With that in mind, I think I will be going with the G Chang with either the 207E or 206E with 4 ohms of series resistance. I want to do the G Chang because it will be a somewhat simple build. I still have to decide on which driver to go with, the 206 or 207. I like the idea of the 207 being a bit smoother, but I don't want it to be dull to where a tweeter will be needed. But I have also read that the 206 can be a bit "in your face". Maybe with a little series resistance and quite possibly BSC will take care of that.

BTW, I got my ideas (the differences) of each driver from this recent thread... Fostex FE206/207 or others

Your thoughts please! My head is hurting from all of this research and trying to figure out what driver to go with.
 
If you don't mind loosing some efficiency, then go with the 206, plus phase plugs, or buy them from Dave fully modified. However you will probably need a circuit on it; not BSC, the cabinet sorts that out for you, but a shelving filter due to the driver's naturally rising response which the horns are too small to attenuate.
 
You'll loose a little compared to the factory claims if you added a shelving filter -published sensitivity is usually taken as an average, or at a specific point in the FR; preferably from the manufacturers POV one that'll look good on paper.

All other things being equal, I like bigger motors as you've inherently more flexibility. Even though you'll loose some of the benefits by adding some passive components, there's still some advantages to having that big old lump bolted to the back of the driver. More to it than that of course & the key is 'all other things being equal', which they seldom are. For e.g. (and if you'll forgive a slight digression), in a box designed for the 127, I'd always go for the 127, rather than a 126 with series resistance, primarily because the former has a bit more excursion & a more benign break-up behaviour in such loads. And so on & so forth.

If you bought the raw drivers, I'd spend a little extra time tweaking it up though. If you want to get the best from the 206, phase plugs are almost mandatory, and damping the frame & motor reaps rewards.

If you wanted to go even further, & slightly more esoteric, some people add a second magnet & report further gains, while others also 'ground' (although technically it's not really grounding) the chassis to the - terminal. And then there's EnABL, which I still can't fully comment on because I haven't got much practical experience with drivers modified in this way. Think of it like a Mustang; there are lots of extras you can play with / add. Alternatively, just buy a pair from Dave; pair-matched, plugged, damped & EnABL'd.
 
Scottmoose said:
You'll loose a little compared to the factory claims if you added a shelving filter -published sensitivity is usually taken as an average, or at a specific point in the FR; preferably from the manufacturers POV one that'll look good on paper.

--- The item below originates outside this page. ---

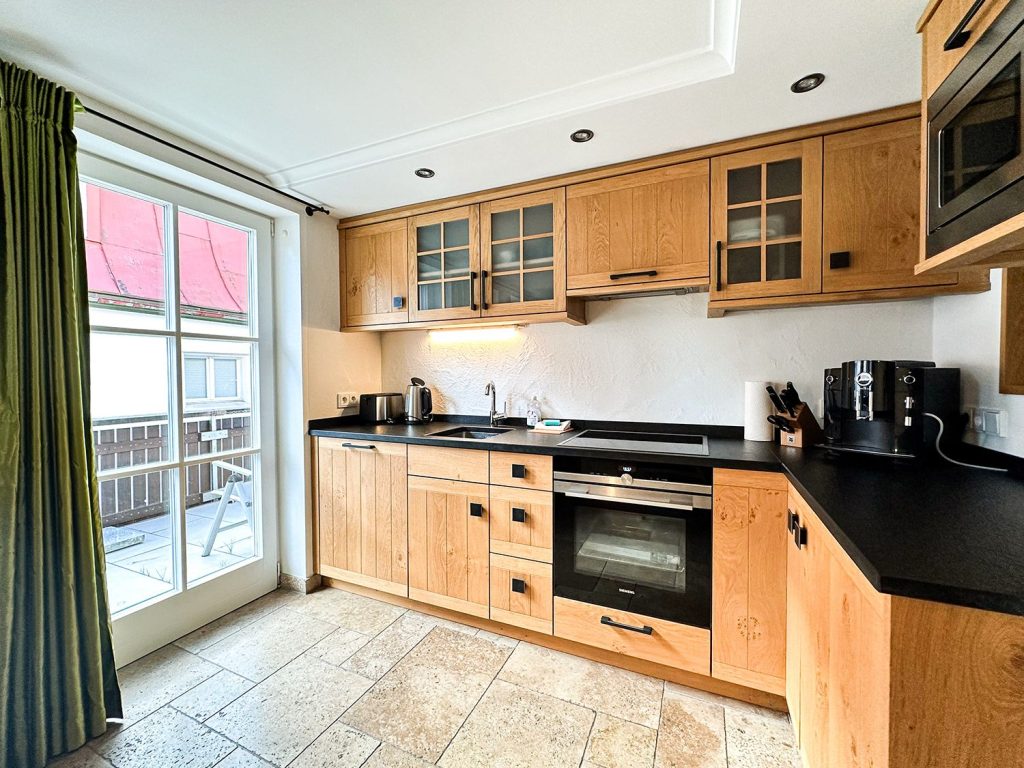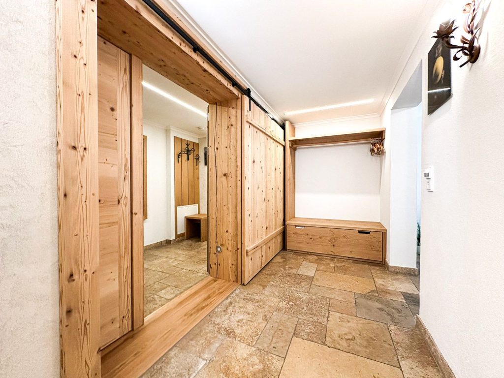 Echtholz- und Natursteinböden verleihen dieser Ferienwohnung in Oberstaufen den typischen Allgäuer Charme.

All other things being equal, I like bigger motors as you've inherently more flexibility. Even though you'll loose some of the benefits by adding some passive components, there's still some advantages to having that big old lump bolted to the back of the driver. More to it than that of course & the key is 'all other things being equal', which they seldom are. For e.g. (and if you'll forgive a slight digression), in a box designed for the 127, I'd always go for the 127, rather than a 126 with series resistance, primarily because the former has a bit more excursion & a more benign break-up behaviour in such loads. And so on & so forth.

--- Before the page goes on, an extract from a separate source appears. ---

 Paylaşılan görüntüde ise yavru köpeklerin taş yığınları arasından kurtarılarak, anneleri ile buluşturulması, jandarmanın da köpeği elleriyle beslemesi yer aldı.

If you bought the raw drivers, I'd spend a little extra time tweaking it up though. If you want to get the best from the 206, phase plugs are almost mandatory, and damping the frame & motor reaps rewards.

If you wanted to go even further, & slightly more esoteric, some people add a second magnet & report further gains, while others also 'ground' (although technically it's not really grounding) the chassis to the - terminal. And then there's EnABL, which I still can't fully comment on because I haven't got much practical experience with drivers modified in this way. Think of it like a Mustang; there are lots of extras you can play with / add. Alternatively, just buy a pair from Dave; pair-matched, plugged, damped & EnABL'd.

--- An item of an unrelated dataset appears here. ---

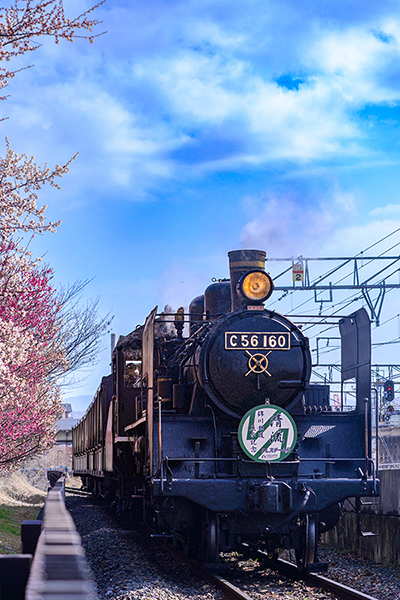ポカポカ陽気の中、梅香る鉄路をゆっくり進むC56形ポニー。

I've actually been pondering the idea of purchasing my next drivers from Dave since they would already have the mods done to them. I would be too nervous taking an x-acto knife to them myself, or putting paint all over the cones (EnABL). I'd be afraid I'd mess them up.

So with the series resistance and shelving circuit, how much do you think I'd be loosing in output of the claimed 96dB? I only ask because as I said earlier, I am going to be limiting myself to 12 watts MAX via a KingRex T20 T-Rex. After inserting the series resistance, I'll be around 10.7 ohms, so I'll probably be looking at a usable 8-10 watts then.
 
REC1 said:
#5 Pass

About as simple as i can make it. I have some refining to accomplish.
Using the 10" butal surround pioneer and the Fe87 will go from 26Hz to 20K +/- 4db.

ron

I like it Ron. 🙂 Reminds me of the old JBL Aquarius 3 prototypes (aesthetically speaking).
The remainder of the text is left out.